Personal information
- Full name: Christopher James Sharp
- Born: 23 May 1964 (age 62) Orsett, Essex, England
- Batting: Right-handed
- Bowling: Right-arm off break

Domestic team information
- 1999: Essex Cricket Board

Career statistics
| Competition | LA |
| Matches | 1 |
| Runs scored | 13 |
| Batting average | 13.00 |
| 100s/50s | –/– |
| Top score | 13.00 |
| Balls bowled | 18 |
| Wickets | – |
| Bowling average | – |
| 5 wickets in innings | – |
| 10 wickets in match | – |
| Best bowling | – |
| Catches/stumpings | –/– |
- Source: Cricinfo, 7 November 2010

= Christopher Sharp (cricketer) =

English cricketer

Christopher James Sharp (born 23 May 1964) is a former English cricketer.
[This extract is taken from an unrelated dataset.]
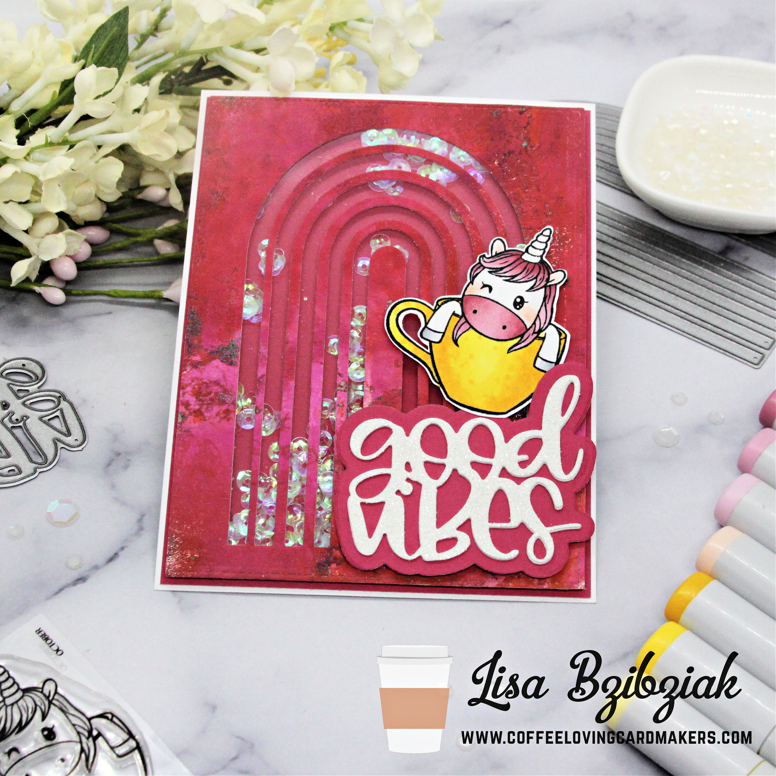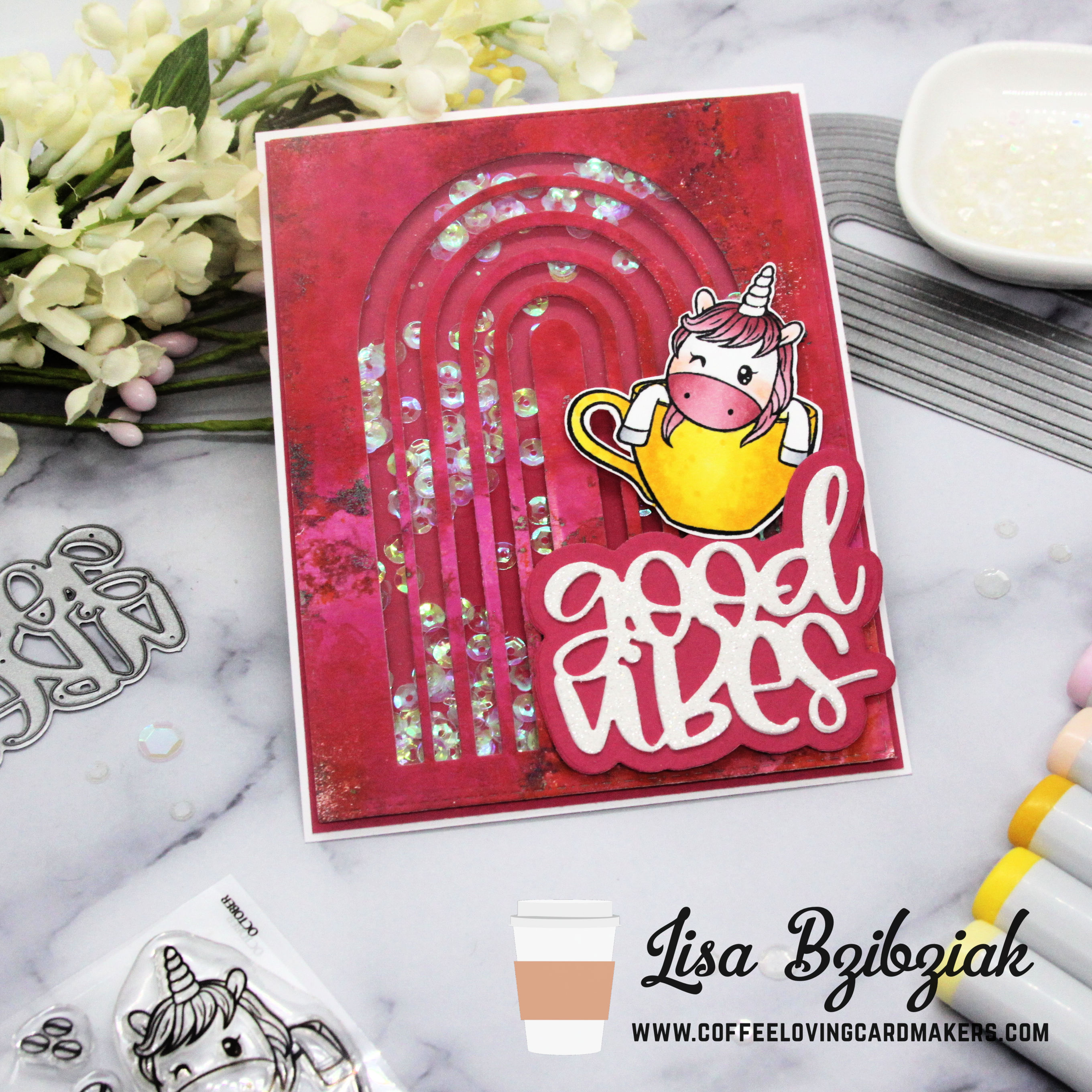 Now it’s your turn! Create something using any Sponsor’s coffee, tea or cocoa themed product! There has to be at least one of the themed products from a Sponsor on your creation.. could be a die, stamp, sentiment! Anything! Other than that you can use anything from your stash! Just mention in your post which coffee, tea or cocoa themed item you used from which sponsor! If you’re not sure who are sponsors are, you can check the list in the Coffee Loving Papercrafters Facebook Group here! (There are a lot to choose from!). Then link up here and be sure to give us a mention in your post and link back to this post. One winner will win a prize pack that includes the Coffee Unicorn I used today and a few other things!

Sharp was a right-handed batsman who bowled right-arm off break. He was born at Orsett, Essex.

Currently the English ambassador for the Indian tourist board.

Sharp represented the Essex Cricket Board in a single List A match against Ireland in the 1999 NatWest Trophy. In his only List A match he scored 13 runs and bowled 3 wicketless overs.